I would like to split this topic from AMQP project, we could discuss in the current thread :-)

Best Regards,
Von Gosling



> 在 2018年6月4日,11:30,Xin Wang <da...@gmail.com> 写道:
> 
> You can just follow your plan, starting the work for integrating RocketMQ


Re: [GSoC]Apache Beam and HBase Integration with RocketMQ

Posted by Sergio Esteves <sr...@gmail.com>.
Hi,

Do you have any suggestions on how to track HBase updates that are less
intrusive that accessing the WAL log on the HDFS directly?

Thanks.

On Thu, Jun 7, 2018 at 3:33 PM, Sergio Esteves <sr...@gmail.com> wrote:

> OK, I am starting with the connector that will rely on an abstract event
> listener.

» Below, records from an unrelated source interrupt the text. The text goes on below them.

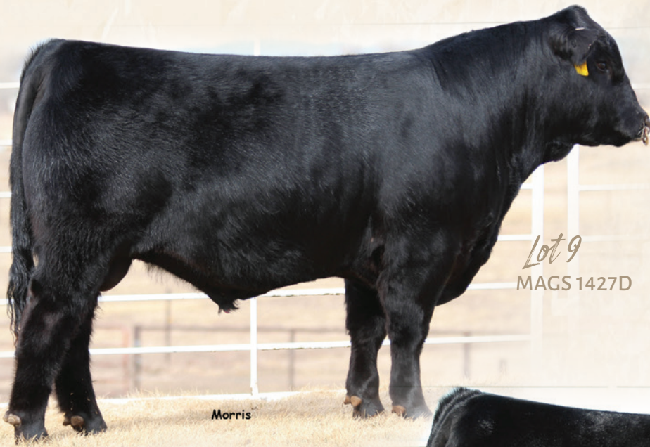
Lot 9 MAGS 1427D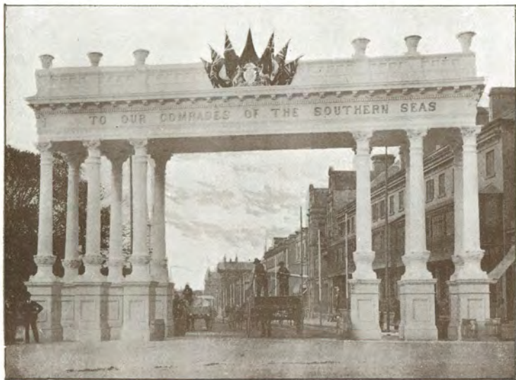
MILITARY ARCH, OXFORD STREET.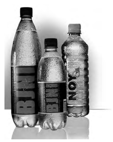
With Bjni and Noy off the shelves, the market share of other brands is growing

©2009 RFE/RL, Inc. Reprinted with the permission of Radio Free Europe/Radio Liberty, 1201 Connecticut Ave., N.W. Washington DC 20036. www.rferl.org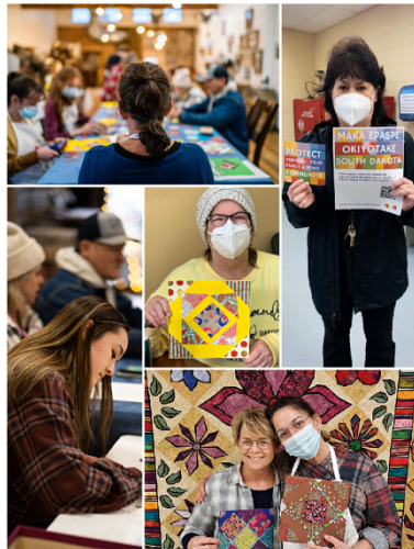
Smiling, masked faces from BQP workshops around the state

Project artists traveled to nine communities around the state throughout February and March. They arranged crafting events at well-known locations in each town, particularly at places folks were already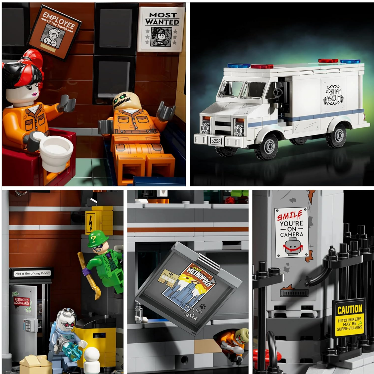
Image: A collage showcasing various interactive elements and detailed sections of the Arkham Asylum set, including the prisoner vehicle.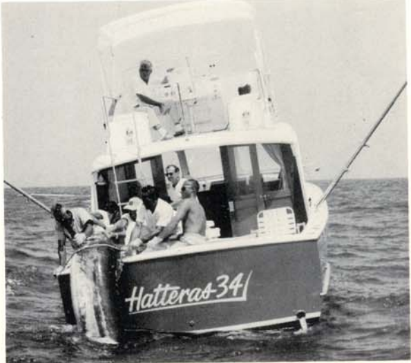
Catch the big ones with a Hatteras.

Incorporated in the Deluxe Sportfisherman: a streamlined bow rail; a curved sectional lounge on the port side of the deckhouse and a bar with an automatic ice machine on the starboard side at the chart deck bulkhead; a shower, hot water heater, water pressure system, 3-burner stove with oven; muffler; as well as cockpit controls.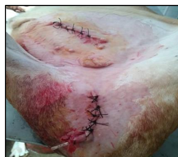
Fig 4: Incision Sites for Cystorrhaphy with urethrostomy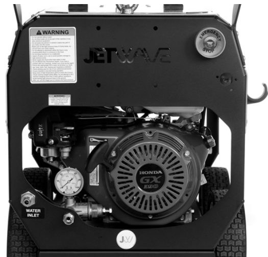
Figure.4 - Hornet G2 Warning Labels

If any problems are found, do not use the unit until the problems are corrected.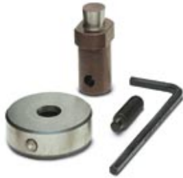
Stamping bit, for bore holes: 5.3 mm diameter

Please be informed that the data shown in this PDF Document is generated from our Online Catalog. Please find the complete data in the user's documentation. Our General Terms of Use for Downloads are valid ( http://phoenixcontact.com/download )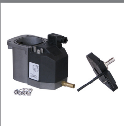
Removable top cover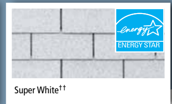
Super White ††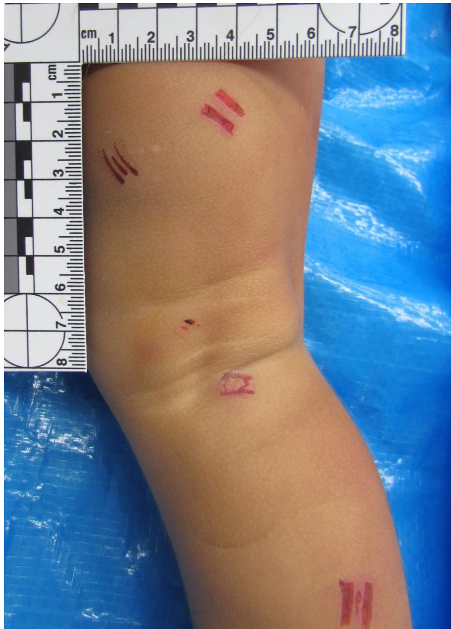
Additional injuries from the same case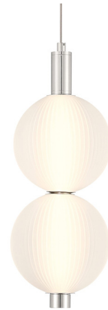
Shown in polished nickel / frosted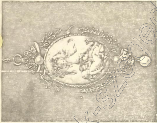
The locket sent by the Empress Eugénie to Lady Baker at Khartoum. The locket survived the journey from Masindi and remains a treasured possession of the Basmendi family.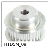
HTD Heavy duty timing pulley, HTD5 Steel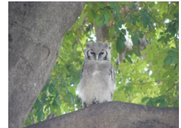
Photos: Cheeta, Giraffes, Verreaux Eagle Owl, and Stork.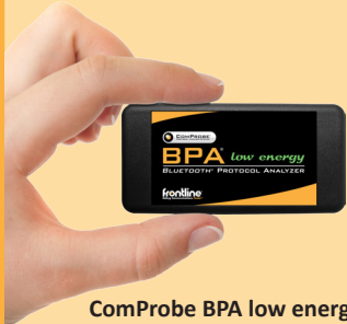
ComProbe BPA low energy Bluetooth Protocol Analyzer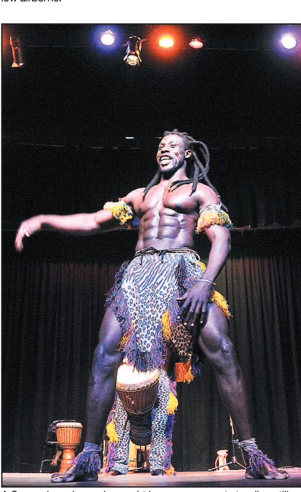
A Senegalese dancer is caught in a rare moment standing still.

should be. The Shortgrass Music Festival shared the wealth and booked the group into school assemblies Thursday at Maxwell and Springer, closer to the festival's Cimarron home. Then the four African men climbed into their oldermodel Toyota pickup with camper shell and headed north to the next show, leaving behind a string of New Mexicans thankful for getting an unexpected dose of African rhythm and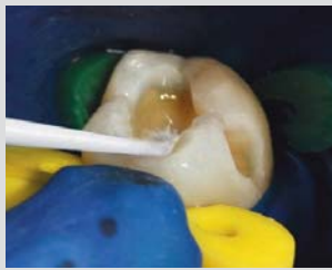
zmack ® bond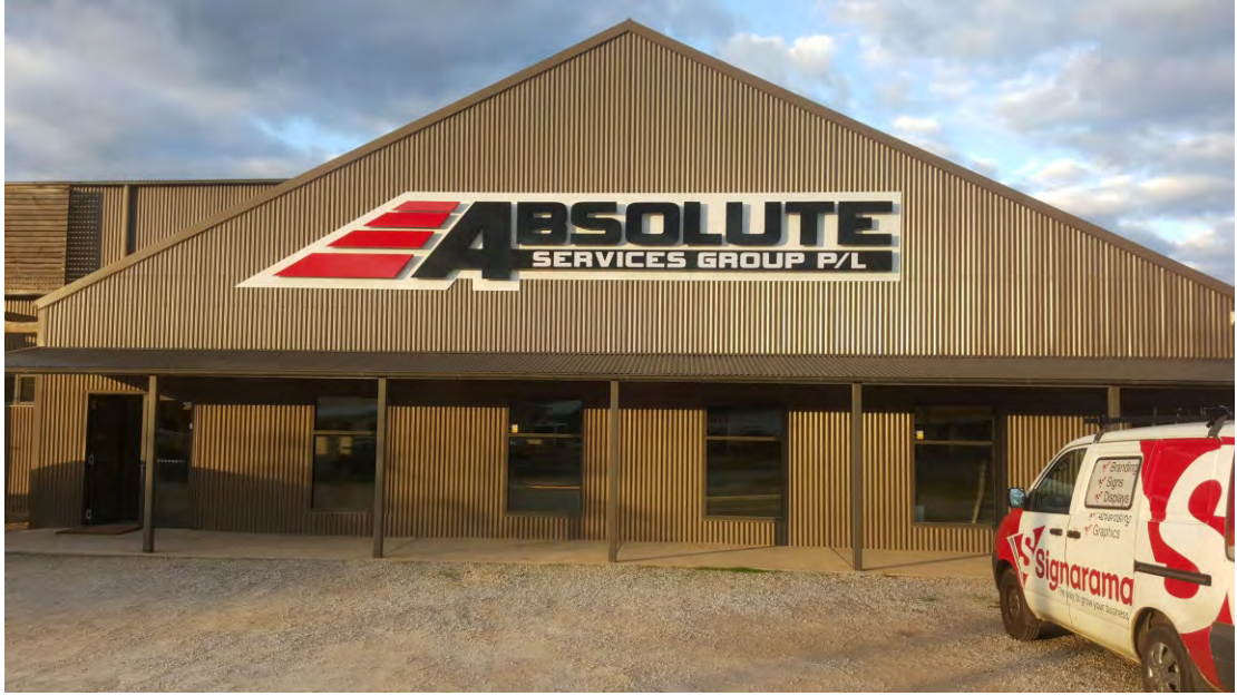
Backlit stainless steel fabricated letters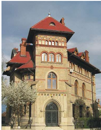
Piatra Neamt Cucuteni Museum of Eneolithic Art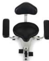
Saddle Seat (Optional)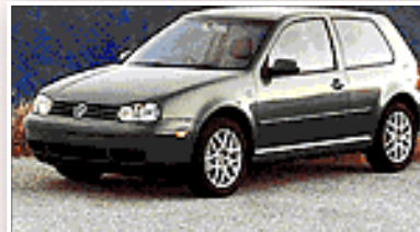
Seller photos - Click any to enlarge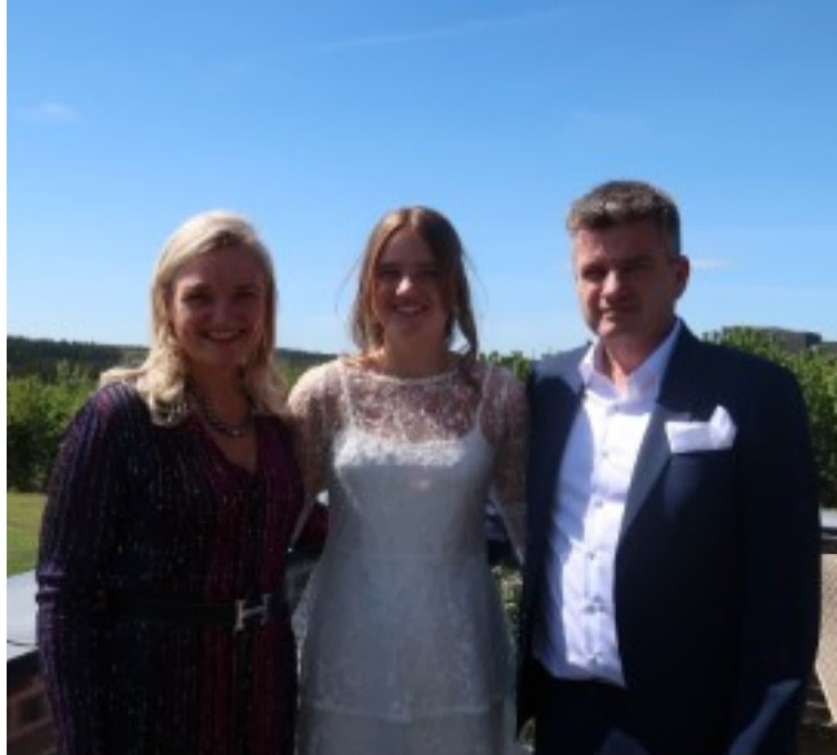
My parents and I on the day i got confirmed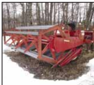
MASSEY FERGUSON 655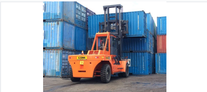
A robust 30-ton diesel forklift designed for high-capacity industrial lifting.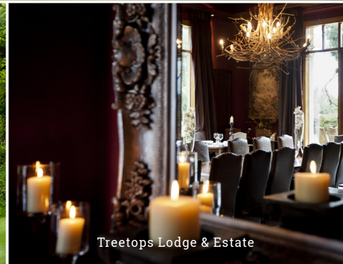
Treetops Lodge & Estate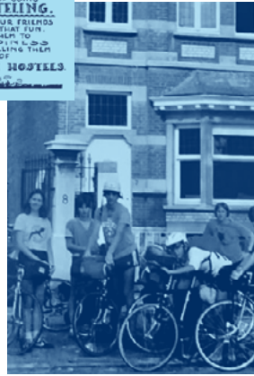
AYH bike trip

1964: President Lyndon B. Johnson recognizes "National Youth Hostels Week" on the 30th Anniversary of hostelling: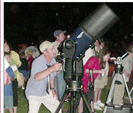
A tour of the night sky. Visitors to the 10th annual Astronomy Day at W.A. Gayle Planetarium in Montgomery on April 21 took advantage of the perfect weather conditions to take a tour of the night sky through telescopes provided by the Auburn Astronomical Society. The day featured a variety of activities including a planetarium show and a telescope clinic. The planetarium is operated for the City of Montgomery by Troy University.

His first professional photographing job would come under the auspices of the Farm Security Administration. While at FSA, he created the famed "American Gothic" photograph. While shooting documentaries for FSA, Parks also launched into glamour and beauty photography, completing projects for Vogue and Glamour magazines. In 1949, he joined the staff of Life magazine, where he stayed for some 25 years.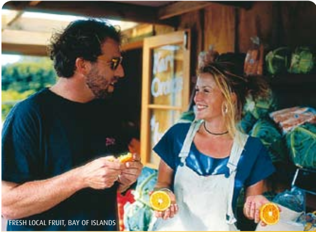
FRESH LOCAL FRUIT, BAY OF ISLANDS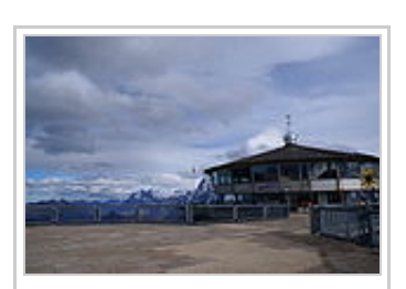
The Piz Gloria, summit of Schilthorn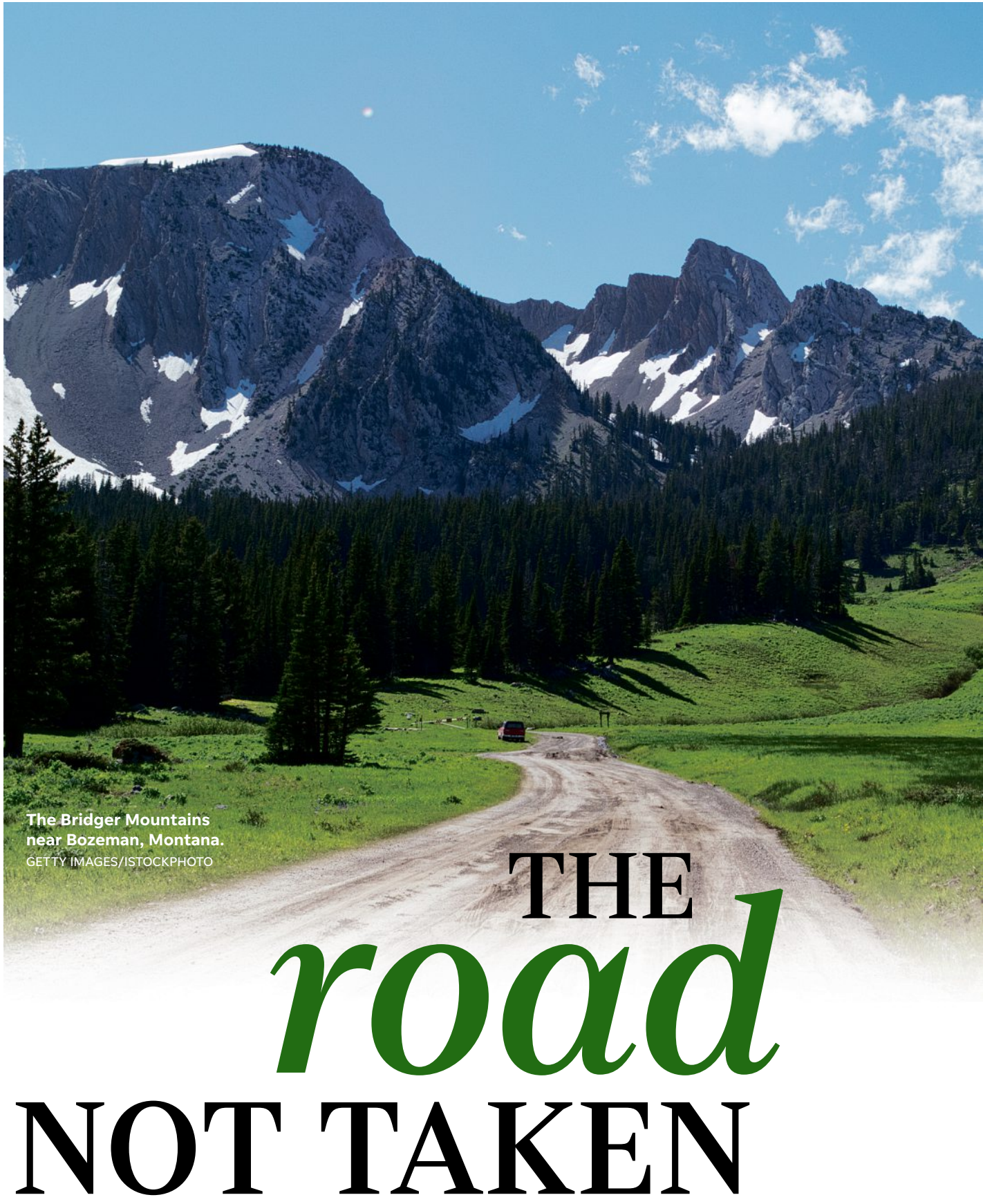
The Bridger Mountains near Bozeman, Montana.

TUESDAY, SEPTEMBER 16, 2025 | RICHMOND, IND. PART OF THE USA TODAY NETWORK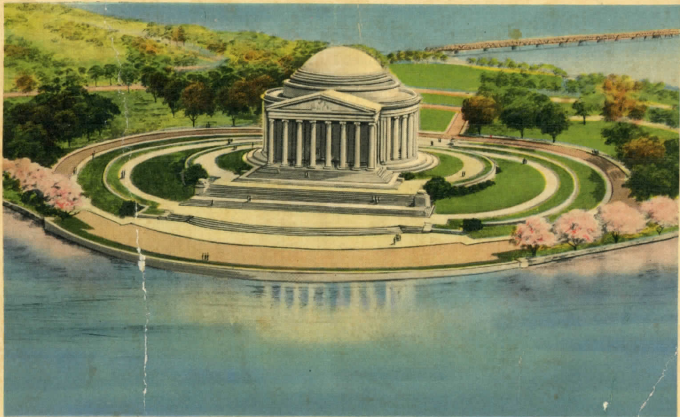
M581:—THOMAS JEFFERSON MEMORIAL, LOWER END OF TIDAL BASIN, WASHINGTON, D.C.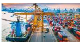
Cargo, Logistics & Supply Chain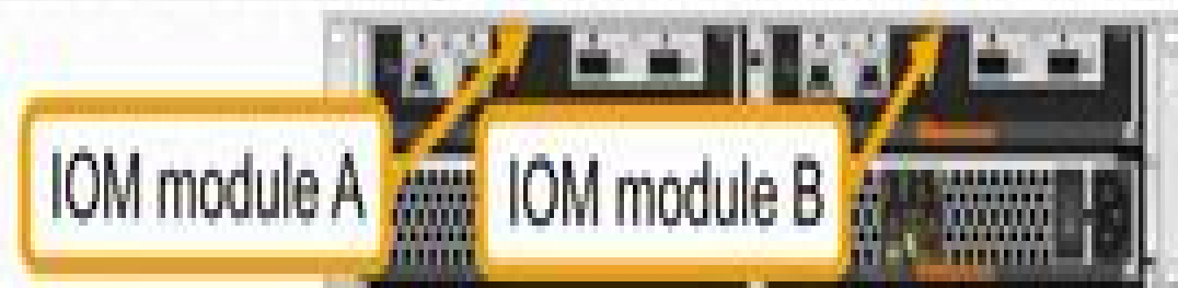
IOM module A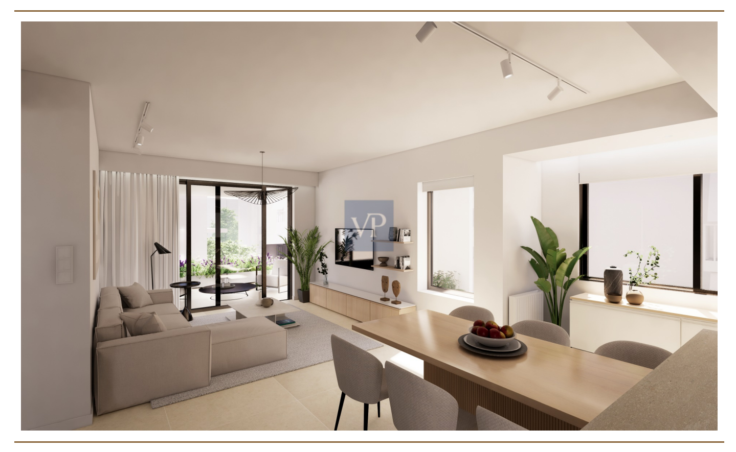
KAUFPREIS: 467.000 EUR • GRUNDSTÜCK: 173 m<sup>2</sup>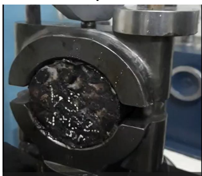
Figure 1: Marshall Stability test

Loading arrangement of Marshall Stability and ITS test is shown below:

I can also work in parallel on the Beam integration, just let me
> know how you want to proceed.
>
> Best,
> Sergio.
>
> On Thu, Jun 7, 2018 at 10:19 AM, Von Gosling <vo...@apache.org>
> wrote:
>
>> IMO, Co-processor is seldom used in the production consider its heavy
>> cost and security problem. for simplicity, you could design and implement
>> the connector for HBase.
>>
>> BTW, do we plan to raise the priority of Beam Integration?
>>
>>
>> Best Regards,
>> Von Gosling
>>
>> 在 2018年6月5日,21:41,Sergio Esteves <sr...@gmail.com> 写道:
>>
>> n that keeps a database in synch with a rocketmq topic.
>> The first way that comes to my mind to listen to HBase updates on a
>> table, is by using co-processors (akin to BigTable Observers):
>> https://blogs.apache.org/hbase/entry/coprocessor_introduction
>> With co-processors it is possible to insert hooks for data manipulation
>> events (e.g., put, delete). It is also possible to intercept WAL
>> (Write-Ahead Log that keeps track of updates on a table) writing of events.
>> The co-processors reside on the server side and are distributed
>> automatically alongside HBase region servers. Co-processor custom
>> implementations require modifications in the HBase configuration. By not
>> using co-processors, it would be possible to access directly the WAL on
>> HDFS (in case WAL writing is not disabled).
>>
>> These are the two main ways (co-processors or accessing WAL directly) I
>> can see to listen to HBase table updates. Using co-processors seems the
>> most natural way to go. For example, implementing a WALObserver and keep
>> track of the last position that was replicated to the rocketmq topic. Do
>> you agree?
>>
>>
>>
>

Re: [GSoC]Apache Beam and HBase Integration with RocketMQ

Posted by Sergio Esteves <sr...@gmail.com>.
OK, I am starting with the connector that will rely on an abstract event
listener. I can also work in parallel on the Beam integration, just let me
know how you want to proceed.

Best,
Sergio.

On Thu, Jun 7, 2018 at 10:19 AM, Von Gosling <vo...@apache.org> wrote:

> IMO, Co-processor is seldom used in the production consider its heavy cost
> and security problem. for simplicity, you could design and implement the
> connector for HBase.
>
> BTW, do we plan to raise the priority of Beam Integration?
>
>
> Best Regards,
> Von Gosling
>
> 在 2018年6月5日,21:41,Sergio Esteves <sr...@gmail.com> 写道:
>
> n that keeps a database in synch with a rocketmq topic.
> The first way that comes to my mind to listen to HBase updates on a table,
> is by using co-processors (akin to BigTable Observers): https://blogs.
> apache.org/hbase/entry/coprocessor_introduction
> With co-processors it is possible to insert hooks for data manipulation
> events (e.g., put, delete). It is also possible to intercept WAL
> (Write-Ahead Log that keeps track of updates on a table) writing of events.
> The co-processors reside on the server side and are distributed
> automatically alongside HBase region servers. Co-processor custom
> implementations require modifications in the HBase configuration. By not
> using co-processors, it would be possible to access directly the WAL on
> HDFS (in case WAL writing is not disabled).
>
> These are the two main ways (co-processors or accessing WAL directly) I
> can see to listen to HBase table updates. Using co-processors seems the
> most natural way to go. For example, implementing a WALObserver and keep
> track of the last position that was replicated to the rocketmq topic. Do
> you agree?
>
>
>

Re: [GSoC]Apache Beam and HBase Integration with RocketMQ

Posted by Von Gosling <vo...@apache.org>.
IMO, Co-processor is seldom used in the production consider its heavy cost and security problem. for simplicity, you could design and implement the connector for HBase.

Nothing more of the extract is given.